Task brief:
Below is a listing with pictures in it; transcribe exactly the lines from the one that has "Parure copripiumino stampato" through the one that has "Li Hua Cat By the Christmas Tree Garden Flag", and omit those pictures.

╭─ Data shown

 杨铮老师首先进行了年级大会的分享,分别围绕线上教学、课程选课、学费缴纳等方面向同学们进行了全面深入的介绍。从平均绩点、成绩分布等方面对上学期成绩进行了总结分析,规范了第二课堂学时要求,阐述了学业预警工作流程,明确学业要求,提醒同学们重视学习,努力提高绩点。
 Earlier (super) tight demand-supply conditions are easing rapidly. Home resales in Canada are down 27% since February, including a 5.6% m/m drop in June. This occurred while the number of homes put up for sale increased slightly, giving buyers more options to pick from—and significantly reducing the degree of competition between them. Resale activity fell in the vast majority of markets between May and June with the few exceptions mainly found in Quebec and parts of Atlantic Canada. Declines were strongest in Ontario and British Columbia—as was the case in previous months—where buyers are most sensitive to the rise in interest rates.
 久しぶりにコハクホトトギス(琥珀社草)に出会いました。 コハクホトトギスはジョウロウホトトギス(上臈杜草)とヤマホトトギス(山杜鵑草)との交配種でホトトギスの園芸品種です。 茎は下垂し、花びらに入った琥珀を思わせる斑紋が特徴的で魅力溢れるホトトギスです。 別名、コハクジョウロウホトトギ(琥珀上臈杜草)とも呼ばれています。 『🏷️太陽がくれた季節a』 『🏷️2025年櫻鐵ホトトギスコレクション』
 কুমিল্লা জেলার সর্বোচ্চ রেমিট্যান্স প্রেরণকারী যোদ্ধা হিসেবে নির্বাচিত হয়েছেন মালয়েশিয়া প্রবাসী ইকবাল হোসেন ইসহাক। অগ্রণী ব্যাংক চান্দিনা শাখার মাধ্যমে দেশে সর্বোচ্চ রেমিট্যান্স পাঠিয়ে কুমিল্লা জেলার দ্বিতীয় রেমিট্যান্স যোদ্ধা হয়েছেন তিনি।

╰─
╭─ Data shown

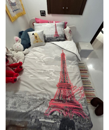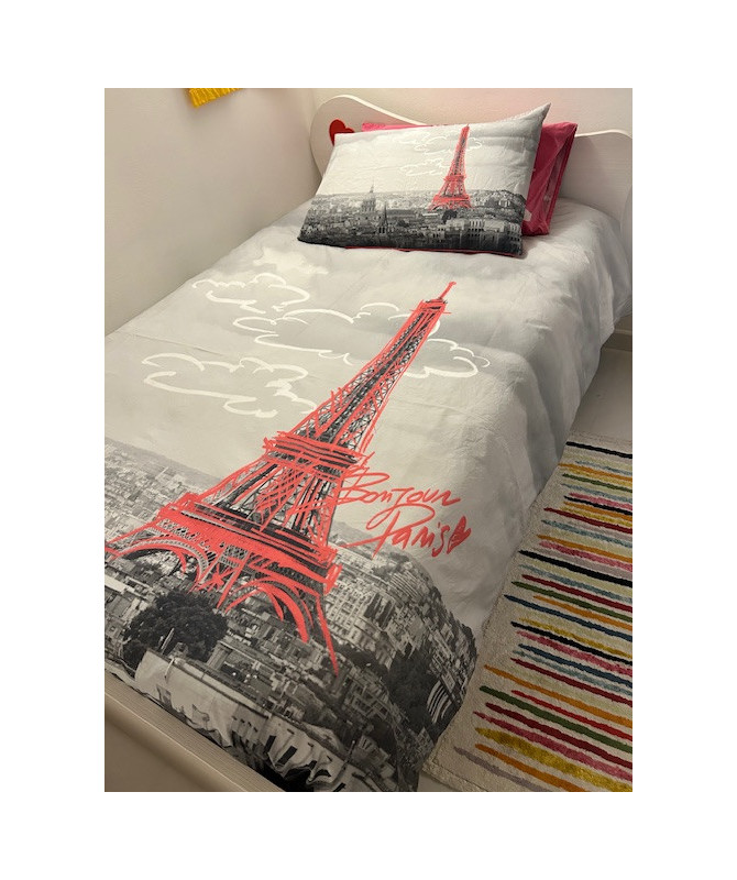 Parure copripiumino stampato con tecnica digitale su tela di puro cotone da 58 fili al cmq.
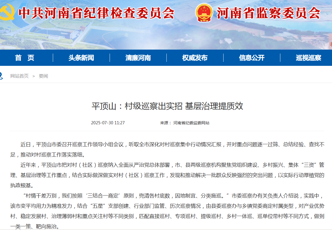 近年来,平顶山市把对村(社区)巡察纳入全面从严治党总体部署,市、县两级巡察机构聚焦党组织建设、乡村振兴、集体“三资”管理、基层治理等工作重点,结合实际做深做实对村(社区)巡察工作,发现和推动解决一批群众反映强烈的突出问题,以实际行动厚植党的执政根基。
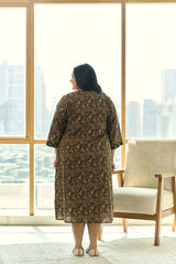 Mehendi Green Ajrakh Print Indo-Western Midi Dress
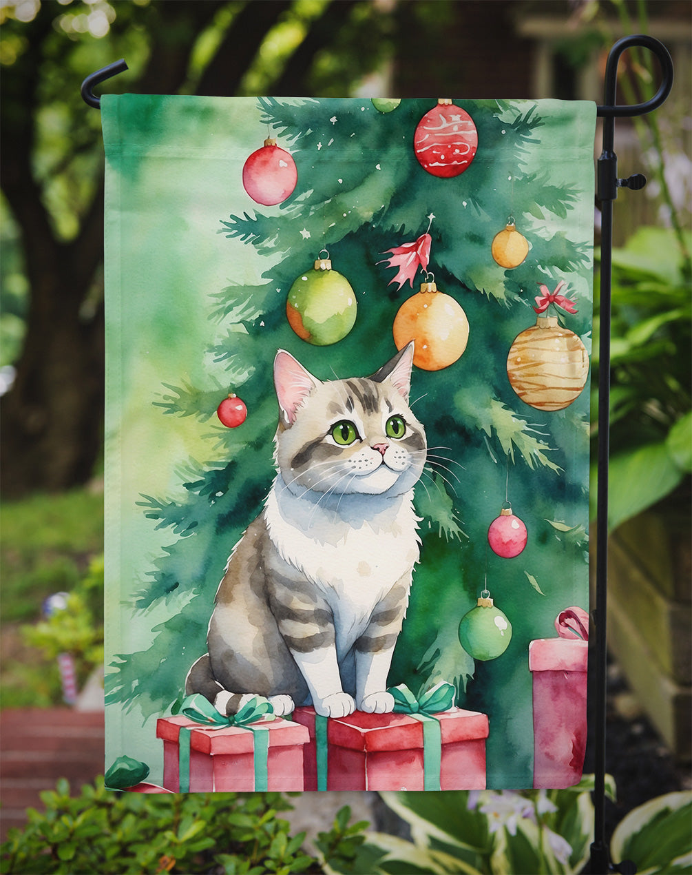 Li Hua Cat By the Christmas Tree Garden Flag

╰─
╭─ Data shown

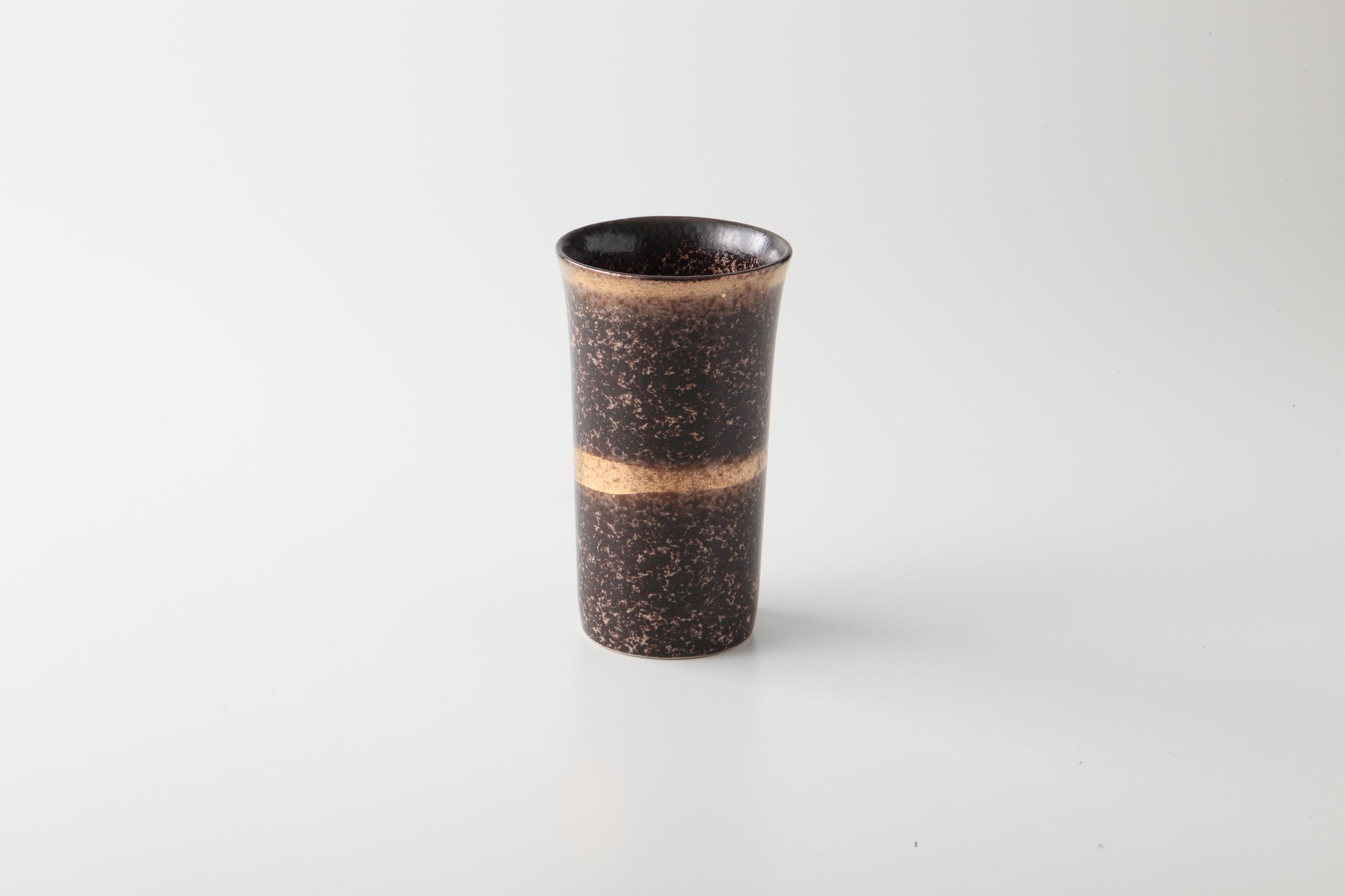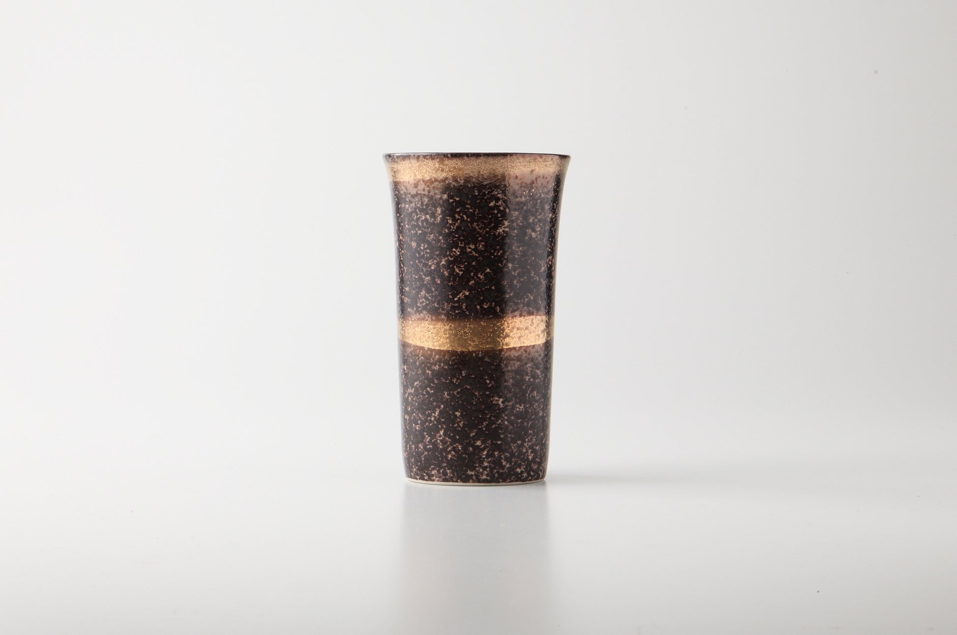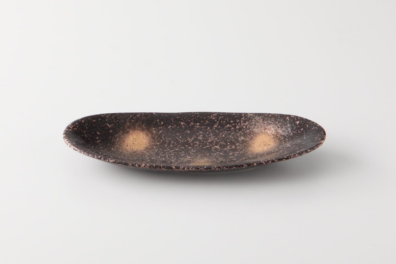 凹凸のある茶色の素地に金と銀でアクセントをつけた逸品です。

╰─

Task result:
 Parure copripiumino stampato con tecnica digitale su tela di puro cotone da 58 fili al cmq.
 近年来,平顶山市把对村(社区)巡察纳入全面从严治党总体部署,市、县两级巡察机构聚焦党组织建设、乡村振兴、集体“三资”管理、基层治理等工作重点,结合实际做深做实对村(社区)巡察工作,发现和推动解决一批群众反映强烈的突出问题,以实际行动厚植党的执政根基。
 Mehendi Green Ajrakh Print Indo-Western Midi Dress
 Li Hua Cat By the Christmas Tree Garden Flag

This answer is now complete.